> _PROBLEM DESCRIPTION_
Only the lines of the data below from the one with "可愛い系というよりも洗練され" through the one with "Màu nền trung" are wanted. Repeat them exactly.
Segment Start: DATASET ENTRIES
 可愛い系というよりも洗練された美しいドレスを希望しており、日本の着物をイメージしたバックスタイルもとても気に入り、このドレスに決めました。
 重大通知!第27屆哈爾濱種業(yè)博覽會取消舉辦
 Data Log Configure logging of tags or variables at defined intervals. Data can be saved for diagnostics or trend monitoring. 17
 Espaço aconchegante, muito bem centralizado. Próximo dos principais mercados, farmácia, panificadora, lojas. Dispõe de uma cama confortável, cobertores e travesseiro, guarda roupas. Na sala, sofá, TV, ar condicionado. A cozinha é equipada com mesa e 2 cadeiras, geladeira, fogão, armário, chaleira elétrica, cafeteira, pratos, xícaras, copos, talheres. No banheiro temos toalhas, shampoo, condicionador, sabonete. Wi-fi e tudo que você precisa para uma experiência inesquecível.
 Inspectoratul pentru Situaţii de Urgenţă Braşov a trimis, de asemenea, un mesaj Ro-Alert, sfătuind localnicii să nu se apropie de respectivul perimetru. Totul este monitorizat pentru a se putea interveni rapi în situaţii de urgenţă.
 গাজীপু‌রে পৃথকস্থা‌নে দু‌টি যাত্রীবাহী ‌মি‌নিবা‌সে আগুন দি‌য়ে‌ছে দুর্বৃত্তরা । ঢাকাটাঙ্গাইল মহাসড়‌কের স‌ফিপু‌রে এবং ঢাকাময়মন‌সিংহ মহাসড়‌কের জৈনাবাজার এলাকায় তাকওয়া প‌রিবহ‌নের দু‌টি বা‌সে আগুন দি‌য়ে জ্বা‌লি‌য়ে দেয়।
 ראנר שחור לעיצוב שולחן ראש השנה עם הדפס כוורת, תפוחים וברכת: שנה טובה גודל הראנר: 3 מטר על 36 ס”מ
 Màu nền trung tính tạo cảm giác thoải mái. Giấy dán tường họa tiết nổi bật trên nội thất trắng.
Segment End: DATASET ENTRIES
Segment Start: DATASET ENTRIES
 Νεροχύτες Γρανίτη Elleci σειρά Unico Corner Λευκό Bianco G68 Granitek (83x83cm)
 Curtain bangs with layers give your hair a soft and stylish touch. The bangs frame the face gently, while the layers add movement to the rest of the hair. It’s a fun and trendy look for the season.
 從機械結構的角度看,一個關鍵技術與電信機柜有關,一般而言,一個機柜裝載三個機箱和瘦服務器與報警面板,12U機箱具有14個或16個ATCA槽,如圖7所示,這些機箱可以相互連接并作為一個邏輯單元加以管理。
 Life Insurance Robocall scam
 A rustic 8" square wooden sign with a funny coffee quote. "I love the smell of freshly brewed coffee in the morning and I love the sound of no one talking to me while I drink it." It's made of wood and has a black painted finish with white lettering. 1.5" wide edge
Segment End: DATASET ENTRIES
> _REPLY_
 可愛い系というよりも洗練された美しいドレスを希望しており、日本の着物をイメージしたバックスタイルもとても気に入り、このドレスに決めました。
 重大通知!第27屆哈爾濱種業(yè)博覽會取消舉辦
 Data Log Configure logging of tags or variables at defined intervals. Data can be saved for diagnostics or trend monitoring. 17
 Espaço aconchegante, muito bem centralizado. Próximo dos principais mercados, farmácia, panificadora, lojas. Dispõe de uma cama confortável, cobertores e travesseiro, guarda roupas. Na sala, sofá, TV, ar condicionado. A cozinha é equipada com mesa e 2 cadeiras, geladeira, fogão, armário, chaleira elétrica, cafeteira, pratos, xícaras, copos, talheres. No banheiro temos toalhas, shampoo, condicionador, sabonete. Wi-fi e tudo que você precisa para uma experiência inesquecível.
 Inspectoratul pentru Situaţii de Urgenţă Braşov a trimis, de asemenea, un mesaj Ro-Alert, sfătuind localnicii să nu se apropie de respectivul perimetru. Totul este monitorizat pentru a se putea interveni rapi în situaţii de urgenţă.
 গাজীপু‌রে পৃথকস্থা‌নে দু‌টি যাত্রীবাহী ‌মি‌নিবা‌সে আগুন দি‌য়ে‌ছে দুর্বৃত্তরা । ঢাকাটাঙ্গাইল মহাসড়‌কের স‌ফিপু‌রে এবং ঢাকাময়মন‌সিংহ মহাসড়‌কের জৈনাবাজার এলাকায় তাকওয়া প‌রিবহ‌নের দু‌টি বা‌সে আগুন দি‌য়ে জ্বা‌লি‌য়ে দেয়।
 ראנר שחור לעיצוב שולחן ראש השנה עם הדפס כוורת, תפוחים וברכת: שנה טובה גודל הראנר: 3 מטר על 36 ס”מ
 Màu nền trung tính tạo cảm giác thoải mái. Giấy dán tường họa tiết nổi bật trên nội thất trắng.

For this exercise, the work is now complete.